* [BRIEF] Print, exactly as they stand, the lines below from the one that has "③.新手回土城后可以去魔龙等地图,装备一键回收元宝,方便!" to the one that has "Над Катей в", inclusive, leaving out the pictures.

* [LISTED ENTRIES]
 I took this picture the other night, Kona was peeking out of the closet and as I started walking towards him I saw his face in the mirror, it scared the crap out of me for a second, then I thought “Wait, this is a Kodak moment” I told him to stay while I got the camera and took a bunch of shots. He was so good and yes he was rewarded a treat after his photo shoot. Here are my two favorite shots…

---

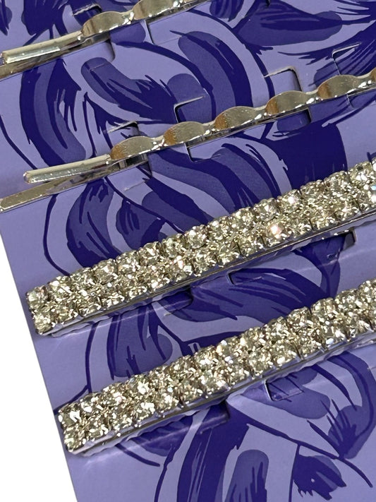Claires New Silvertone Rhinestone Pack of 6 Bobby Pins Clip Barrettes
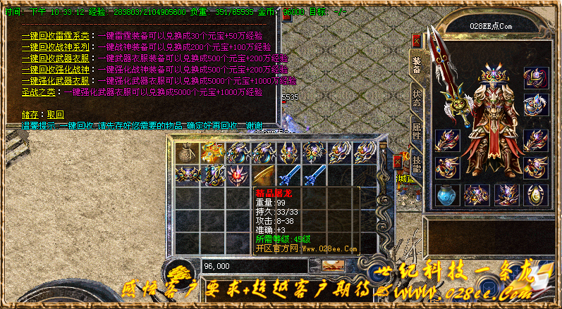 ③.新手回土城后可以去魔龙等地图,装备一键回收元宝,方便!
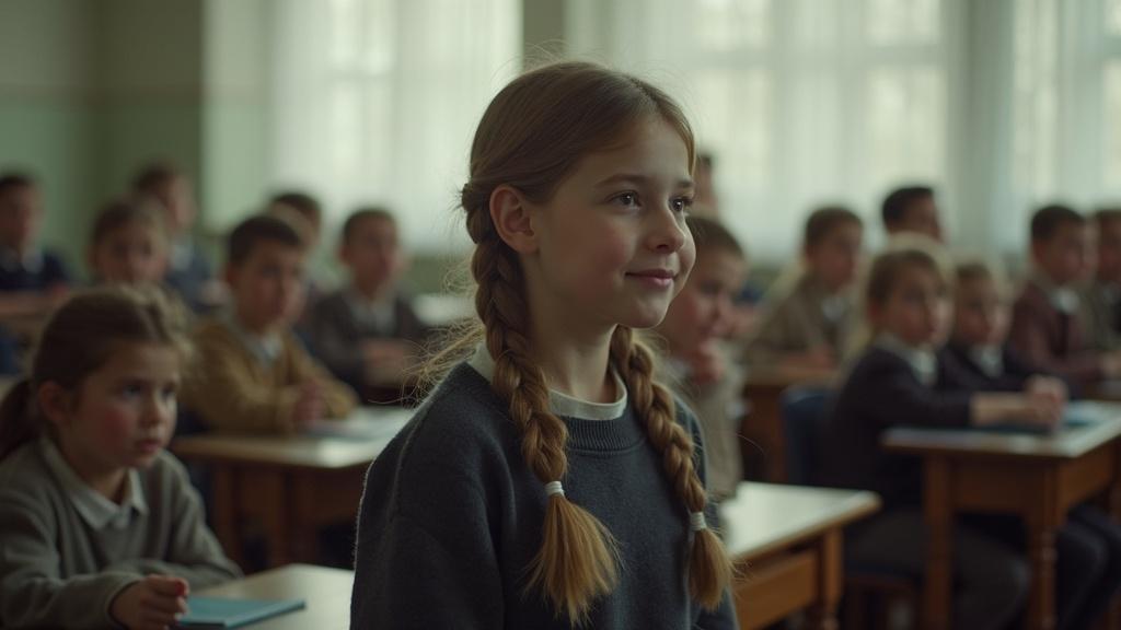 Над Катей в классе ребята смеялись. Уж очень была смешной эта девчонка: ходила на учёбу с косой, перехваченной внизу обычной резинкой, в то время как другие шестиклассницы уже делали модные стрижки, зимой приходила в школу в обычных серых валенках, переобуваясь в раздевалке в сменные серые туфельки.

* [EXERCISE SOLUTION]
 ③.新手回土城后可以去魔龙等地图,装备一键回收元宝,方便!
 Над Катей в классе ребята смеялись. Уж очень была смешной эта девчонка: ходила на учёбу с косой, перехваченной внизу обычной резинкой, в то время как другие шестиклассницы уже делали модные стрижки, зимой приходила в школу в обычных серых валенках, переобуваясь в раздевалке в сменные серые туфельки.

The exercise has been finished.